The business address of CSG is Paradeplatz 8, P.O. Box 1, CH 8070 Zurich, Switzerland. CSG, for purposes of the federal securities laws, may be deemed ultimately to control the Bank and the Reporting Person. CSG, its executive officers and directors, and its direct and indirect subsidiaries (including those subsidiaries that constitute the Private Banking and Wealth Management Division (other than the AI Business and the U.S. PCS Business)) may beneficially own securities to which this Form 4 relates and such securities are not reported in this Form 4. CSG disclaims beneficial ownership of securities beneficially owned by its direct and indirect subsidiaries, including the Reporting Person. The Private Banking and Wealth Management Division (other than the AI Business and the U.S. PCS Business) disclaims beneficial ownership of securities beneficially owned by the Reporting Person.
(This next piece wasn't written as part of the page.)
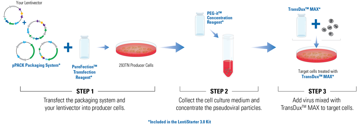 最後把病毒送入欲研究的細胞,Virus Concentraction-PEG-it 濃縮病毒顆粒,可濃縮倍數為 10-100 倍。

The Reporting Person disclaims beneficial ownership of securities beneficially owned by CSG and the Private Banking and Wealth Management Division (other than the AI Business and the U.S. PCS Business).
(2) The Series Four Senior Preferred Stock had no expiration date and converted automatically into one share of Common Stock of the Issuer upon the closing of the initial public offering of the Issuer, without payment of further consideration.
(3) Consists of (a) 216,209 shares held by CSFB-EP; (b) 60,436 shares held by CSFB Bermuda; and (c) 208 shares held by CSFB U.S.
(4) The Series Five Junior Preferred Stock had no expiration date and converted automatically into one share of Common Stock of the Issuer upon the closing of the initial public offering of the Issuer, without payment of further consideration.
(5) Consists of (a) 1,543,400 shares held by CSFB-EP; (b) 431,419 shares held by CSFB Bermuda; (c) 1,489 shares held by CSFB U.S.; (d) 3,487 shares held by EMA Private 1999; and (e) 234 shares held by CSFB Finders.